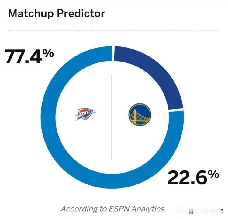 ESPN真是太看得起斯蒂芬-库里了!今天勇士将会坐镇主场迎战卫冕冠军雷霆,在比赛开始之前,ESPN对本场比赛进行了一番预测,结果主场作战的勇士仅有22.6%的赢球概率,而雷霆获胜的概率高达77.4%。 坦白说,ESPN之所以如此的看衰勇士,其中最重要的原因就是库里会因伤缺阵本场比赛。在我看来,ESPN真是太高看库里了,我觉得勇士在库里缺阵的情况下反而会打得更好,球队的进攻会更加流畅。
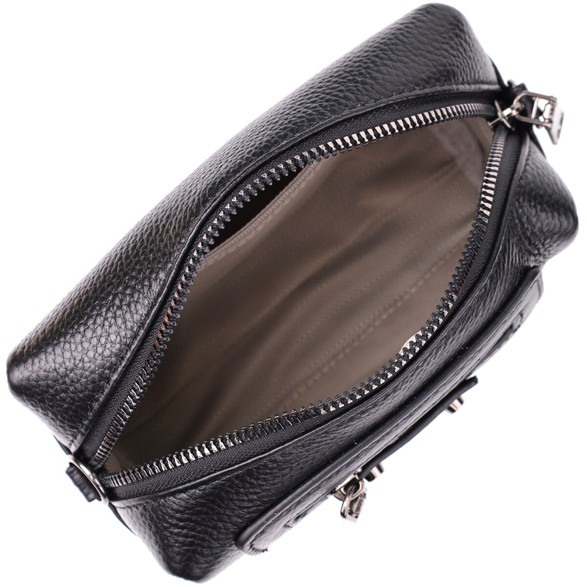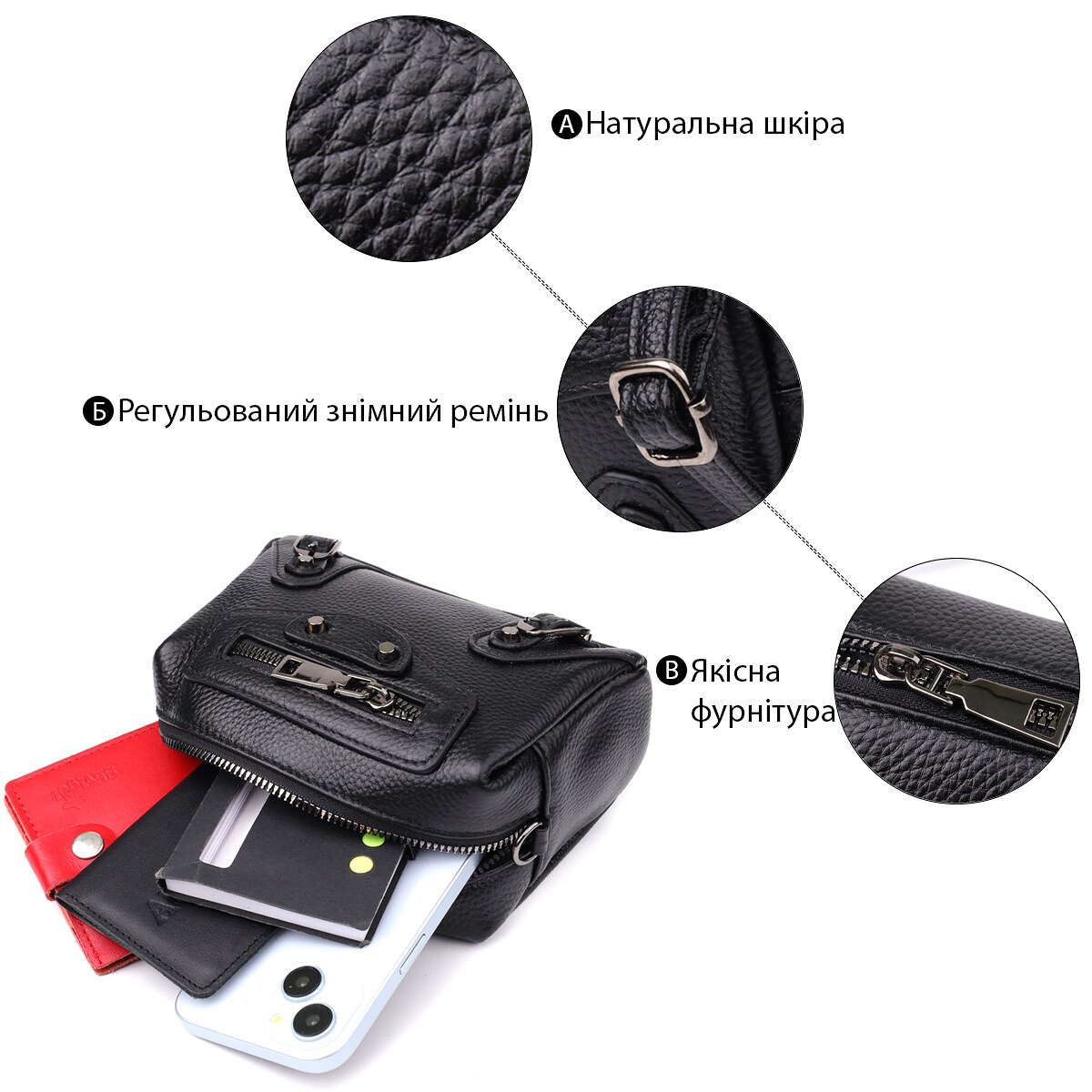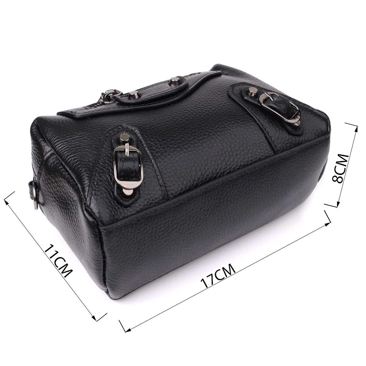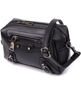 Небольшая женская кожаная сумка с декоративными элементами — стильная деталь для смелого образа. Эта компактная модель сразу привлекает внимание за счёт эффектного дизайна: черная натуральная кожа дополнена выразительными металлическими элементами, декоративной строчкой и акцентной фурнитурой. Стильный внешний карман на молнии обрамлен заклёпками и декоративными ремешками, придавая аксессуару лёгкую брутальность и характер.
...
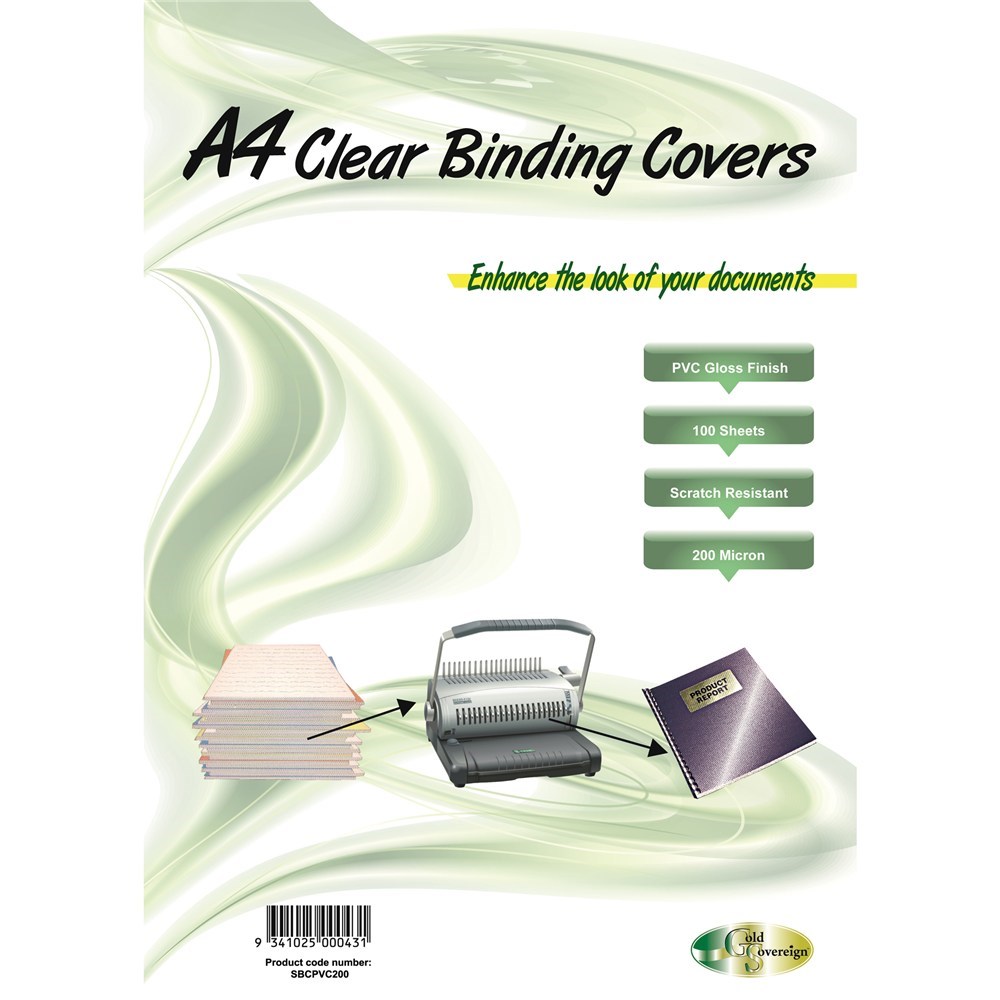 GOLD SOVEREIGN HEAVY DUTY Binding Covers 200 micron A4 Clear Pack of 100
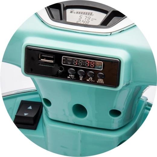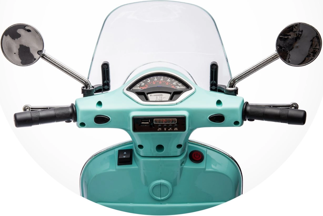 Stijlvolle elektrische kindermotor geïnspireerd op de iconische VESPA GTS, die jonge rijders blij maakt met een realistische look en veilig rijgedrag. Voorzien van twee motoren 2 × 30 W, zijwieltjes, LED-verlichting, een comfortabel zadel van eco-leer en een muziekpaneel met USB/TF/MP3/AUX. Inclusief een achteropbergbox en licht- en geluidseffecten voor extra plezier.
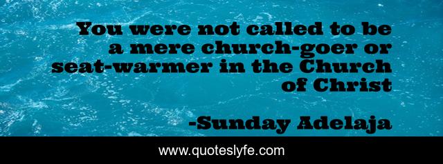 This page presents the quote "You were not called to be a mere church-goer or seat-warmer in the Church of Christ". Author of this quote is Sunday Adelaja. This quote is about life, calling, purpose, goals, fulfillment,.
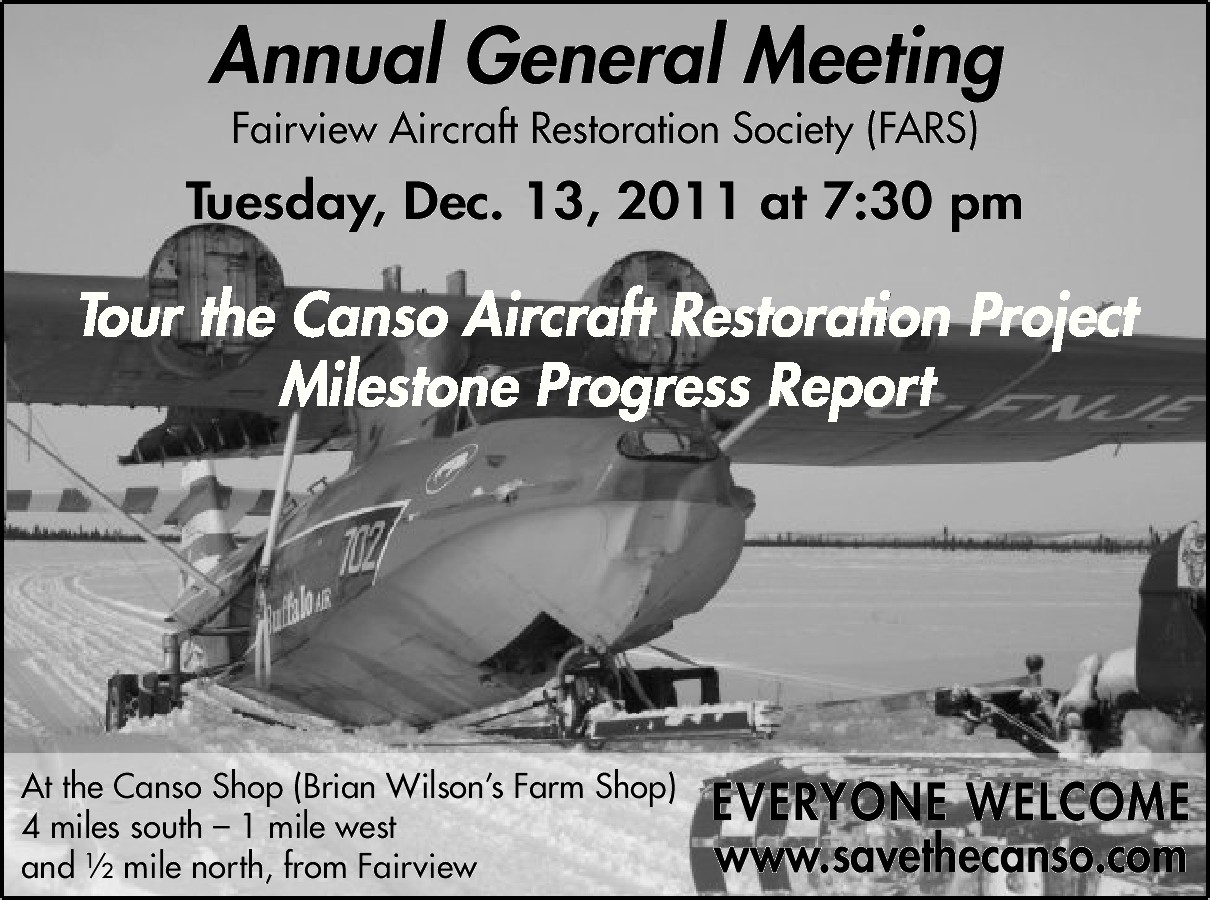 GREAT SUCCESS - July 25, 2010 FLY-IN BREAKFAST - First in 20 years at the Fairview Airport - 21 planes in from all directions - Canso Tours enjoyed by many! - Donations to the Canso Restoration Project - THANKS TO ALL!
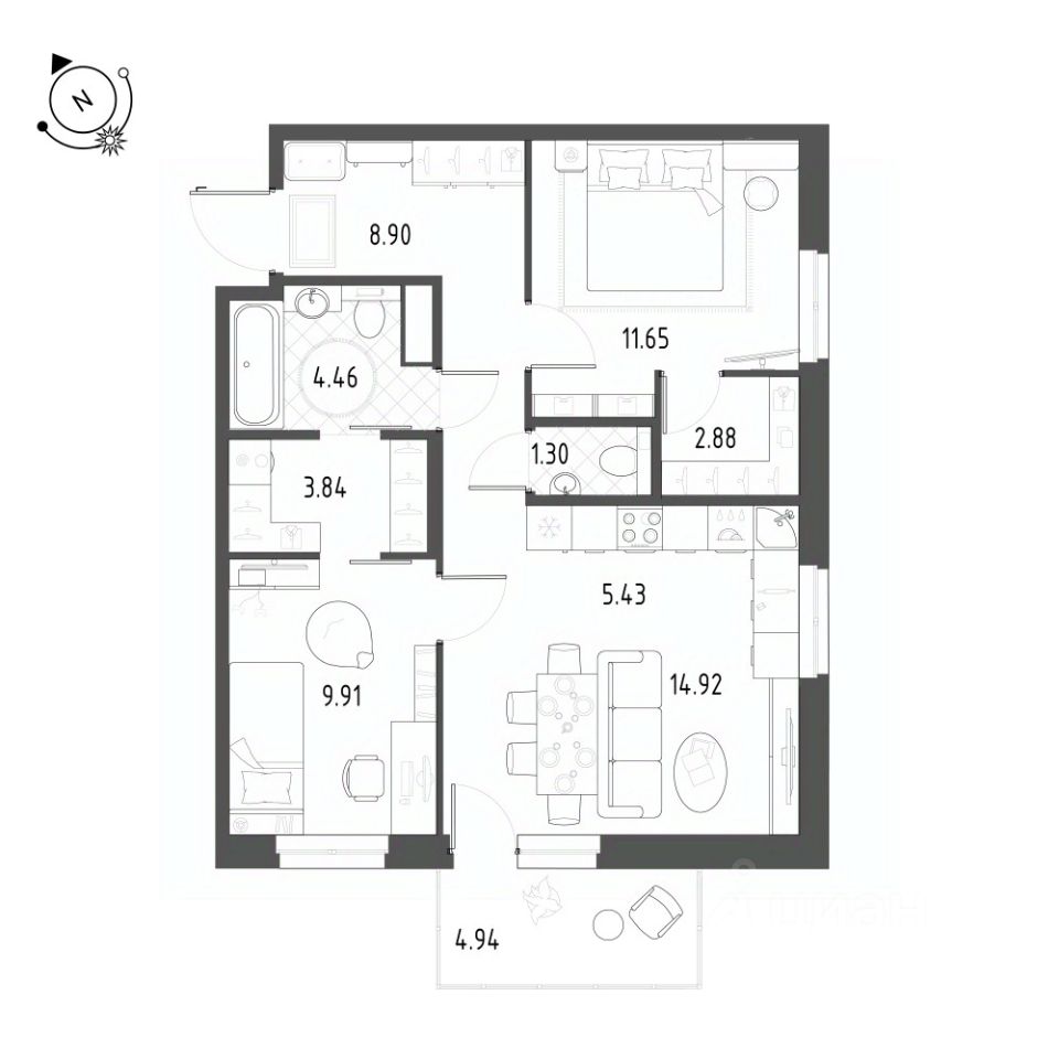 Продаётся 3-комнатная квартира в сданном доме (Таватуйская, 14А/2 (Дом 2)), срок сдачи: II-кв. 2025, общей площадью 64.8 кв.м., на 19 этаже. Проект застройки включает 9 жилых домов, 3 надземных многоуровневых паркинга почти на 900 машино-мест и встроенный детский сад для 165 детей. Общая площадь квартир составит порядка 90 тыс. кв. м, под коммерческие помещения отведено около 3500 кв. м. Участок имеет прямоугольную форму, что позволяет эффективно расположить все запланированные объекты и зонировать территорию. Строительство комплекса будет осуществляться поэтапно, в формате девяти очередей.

WHAT YOU ARE ASKED TO DO: Skipping the pictures, print the lines in the listing above exactly as written, starting at the line with "ESPN真是太看得起斯蒂芬-库里了!今天" and ending at the line with "Небольшая женская кожаная", both included.

SOLUTION FOR THIS EXERCISE:
 ESPN真是太看得起斯蒂芬-库里了!今天勇士将会坐镇主场迎战卫冕冠军雷霆,在比赛开始之前,ESPN对本场比赛进行了一番预测,结果主场作战的勇士仅有22.6%的赢球概率,而雷霆获胜的概率高达77.4%。 坦白说,ESPN之所以如此的看衰勇士,其中最重要的原因就是库里会因伤缺阵本场比赛。在我看来,ESPN真是太高看库里了,我觉得勇士在库里缺阵的情况下反而会打得更好,球队的进攻会更加流畅。
 Небольшая женская кожаная сумка с декоративными элементами — стильная деталь для смелого образа. Эта компактная модель сразу привлекает внимание за счёт эффектного дизайна: черная натуральная кожа дополнена выразительными металлическими элементами, декоративной строчкой и акцентной фурнитурой. Стильный внешний карман на молнии обрамлен заклёпками и декоративными ремешками, придавая аксессуару лёгкую брутальность и характер.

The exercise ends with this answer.